There is such a modern fascination with the tragic figure of the flawed hero, from Don Draper to Tony Soprano, we forget this was a mould cast in the seventeenth century. Indeed Hamlet has much relevance to the world we inhabit today, raising issues of privilege and class, mental health and personal responsibility. It’s a complex work, both in terms of plot, which twists and pivots, and of language — rich and poetic, full of gems of universal truth, and images of breathtaking beauty.

The set design valiantly attempts to transpose a Jacobean theatre onto the art deco surrounds of the Napier Muni. The stage is inscribed in a half circle made of opulent wood panelling, brickwork, tapestries and a mezzanine gallery on which a pair of musicians multitask with a cornucopia of strings and woodwind. Twin columns flank the set, conveying the impression of the original’s ceiling supports. The effect is only partially marred by rows of steel-legged bucket seats that flank the stage. As they have no utility in the action, it can only be assumed they were present as an anchoring device, some last-minute stage management troubleshooting. The chairs notwithstanding, it’s undoubtedly a professional production, sporting bells and whistles such as copious smoke, flaming torches and an igniting sword. Costumes and props are all lush and polished, though here some of the director’s choices become questionable.

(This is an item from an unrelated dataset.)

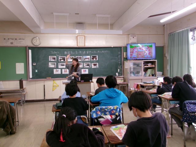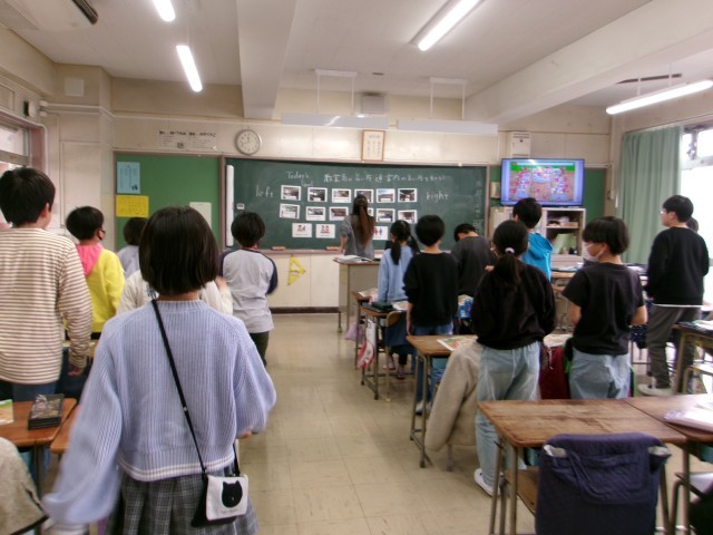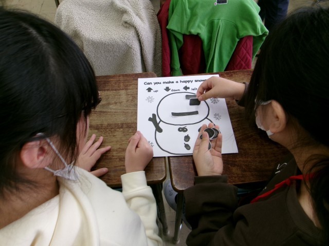 4年生の外国語活動の授業を参観しました。今日は英語を使って学校の教室の名前や道案内の仕方を覚えることをめあてに学習していました。先生が発音する教室の名前を、教科書を見ながら確認しました。また、道案内に使う「右」「左」「まっすぐ進む」など方向を表す英語を使って、体を動かしました。最後はペアで雪だるまの「福笑い」をして楽しみました。「up up!!」「right」「left」など、顔のパーツを置く場所を英語で伝え、雪だるまの顔を完成させました。いろいろな顔が出来上がり、盛り上がっていました。

While a large portion of the costuming is authentically Jacobean, some veers into the medieval, yet others —the troupe of travelling players — are dress-up-box deco. Odd accents punctuate the piece — a lone musket in a world of swords and daggers; the device of Polonius’ inopportunely ringing cellphone; Bernardo’s moon boot. In some places this works beautifully — Hamlet’s madness accessorised with a two-dollar-shop crown and pink velvet cape; the tradie gravedigger in stubbies and singlet splashing the audience with a coca-cola bottle full of water — in others — the strangely yogic ritualistic hand and breath gestures — it serves as distraction.

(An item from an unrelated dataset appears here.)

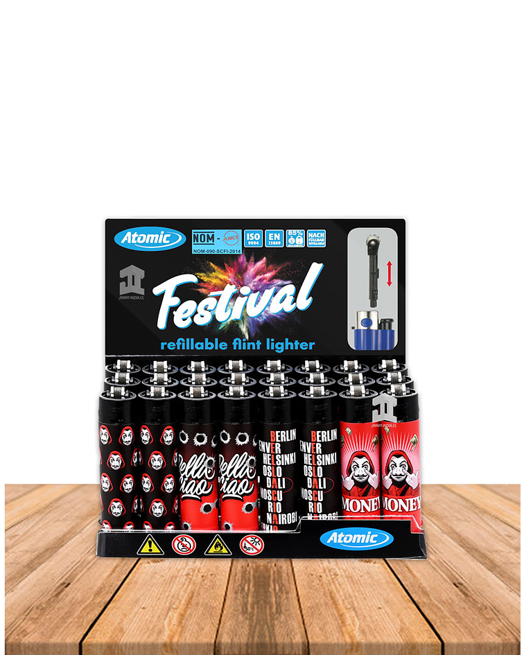 Display de encendedores Recargables (flint) marca Atomic, cada display contiene 24

The problem with introducing such diverse elements into a piece with this kind of literary and linguistic weight, is one of detraction. The plot and the language in which it is conveyed is itself so robust, that attempts to add frills round the edges only serve to take away from the essence of the piece. There is already enough going on here without pulling the audience away from the words and the story to try to piece together what very clever point the director is trying to make with their temporal and cultural mash up. Whatever way I turn it and squint and hold it up to the light, I can’t quite elicit what that might be, meaning that either it’s sailed cleanly over my head or it quite simply doesn’t exist.